La maladie d’Alzheimer et la maladie de Parkinson pourraient être combattues grâce à une plante africaine utilisée depuis des décennies. Les propriétés pharmaceutiques de cette plante africaine pourraient en effet permettre de lutter contre la neurodégénérescence liée à l’âge. C’est non loin du Gabon dans l’un des plus petits archipels d’Afrique (ndlr : Sao Tomé et Principe ancienne colonie portugaise non loin du Gabon situé sur la côte ouest africaine) que se situerait cette plante. Sao Tomé et Principe abrite une biodiversité riche et unique en son genre.

Depuis des lustres, les guérisseurs locaux utilisent  les feuilles, les graines et l’écorce de cet arbuste local nommé le Voacanga. Ils s’en servent afin de diminuer les inflammations et soulager les troubles mentaux de leurs patients. Récemment, un centre de recherche américain à publier une étude concernant les composants de cet arbuste. Cette étude publiée cette semaine dans le Journal of Ethnopharmacology, stipule que les composants en question permettent de protéger les cellules des altérations liées à la maladie d’Alzheimer et de Parkinson.

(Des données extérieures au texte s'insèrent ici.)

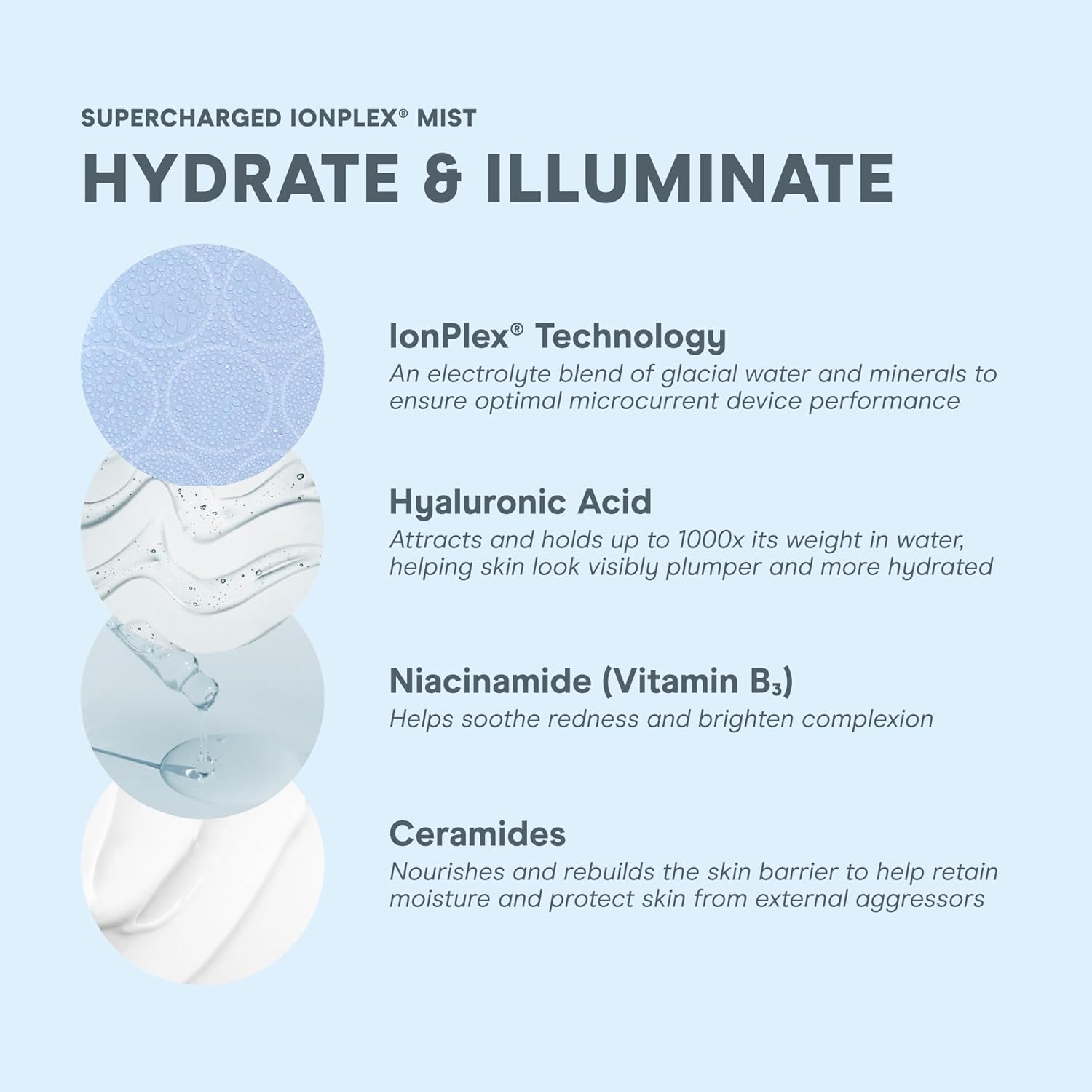 About this item Supercharged Hydration - This 3-in-1 facial mist deeply hydrates skin to enhance your microcurrent treatment and refresh skin throughout the day. Formulated to lock in moisture, and reduce the look of fine lines, and pores for a lasting radiant appearance. NuFACE IonPlex® Technology - NuFACE microcurrent facials utilize low-level electrical currents to mimic your body's natural ionic flow to sculpt and tone skin and facial muscles. Proprietary IonPlex® Blend delivers a precise concentration of ions and glacial water to help prep skin for your microcurrent treatment. Supercharged Ingredients - Our multitasking face mist is formulated with hyaluronic acid to attract and hold up to 1000x its weight in water to help skin look visibly more hydrated, niacinamide to soothe and brighten, and ceramides to nourish and rebuild your skin's moisture barrier. Prep the Skin - Use the Supercharged IonPlex® Mist Spray before treatment to enhance results, during treatments to rehydrate activator, or throughout the day for a refreshing moisture boost. Clean + Effective Formula - NuFACE Microcurrent Skincare is aesthetician-created and formulated with clean, nontoxic ingredients and free of parabens, phthalates, mineral oil, and added fragrance. See more product details,Supercharged Hydration - This 3-in-1 facial mist deeply hydrates skin to enhance your microcurrent treatment and refresh skin throughout the day. Formulated to lock in moisture, and reduce the look of fine lines, and pores for a lasting radiant appearance,NuFACE IonPlex® Technology - NuFACE microcurrent facials utilize low-level electrical currents to mimic your body's natural ionic flow to sculpt and tone skin and facial muscles. Proprietary IonPlex® Blend delivers a precise concentration of ions and glacial water to help prep skin for your microcurrent treatment,Supercharged Ingredients - Our multitasking face mist is formulated with hyaluronic acid to attract and hold up to 1000x its weight in water to help skin look visibly more hydrated, niacinamide to soothe and brighten, and ceramides to nourish and rebuild your skin's moisture barrier,Prep the Skin - Use the Supercharged IonPlex® Mist Spray before treatment to enhance results, during treatments to rehydrate activator, or throughout the day for a refreshing moisture boost,Clean + Effective Formula - NuFACE Microcurrent Skincare is aesthetician-created and formulated with clean, nontoxic ingredients and free of parabens, phthalates, mineral oil, and added fragrance

Des tests ont été  effectués avec des cellules humaines ainsi que des cellules de souris afin d’évaluer leur impact sur la neurodégénérescence. En outre, les propriétés anti inflammatoire ainsi que les capacités de ces extraits végétaux à protéger les cellules du stress oxydatif (un des processus en cause dans les dommages sur l’ADN et la neurodégénéréscence liée à l’âge) ont été étudiés.

Le Vocanga Africa est un petit arbuste africain pouvant atteindre jusqu’à 6 mètres de hauteur. Ses graines, son écorce et ses feuilles sont à la base de bons nombres de remèdes traditionnels de plusieurs pays d’Afrique. Ils ont des effets bénéfiques sur l’hypertension artérielle,  les œdèmes mais auraient également certaines vertus aphrodisiaque. Par ailleurs, l’industrie pharmaceutique étudie également les bienfaits que ces éléments pourraient apportés dans le cadre de pathologies cardiaques.

On dénombre plus de 100 espèces de plantes différentes dans cet archipel. L’industrie pharmaceutique compte bien mener de longues recherches afin de tirer le meilleur parti de cette faune qui constitue un eldorado pour les médicaments de demain.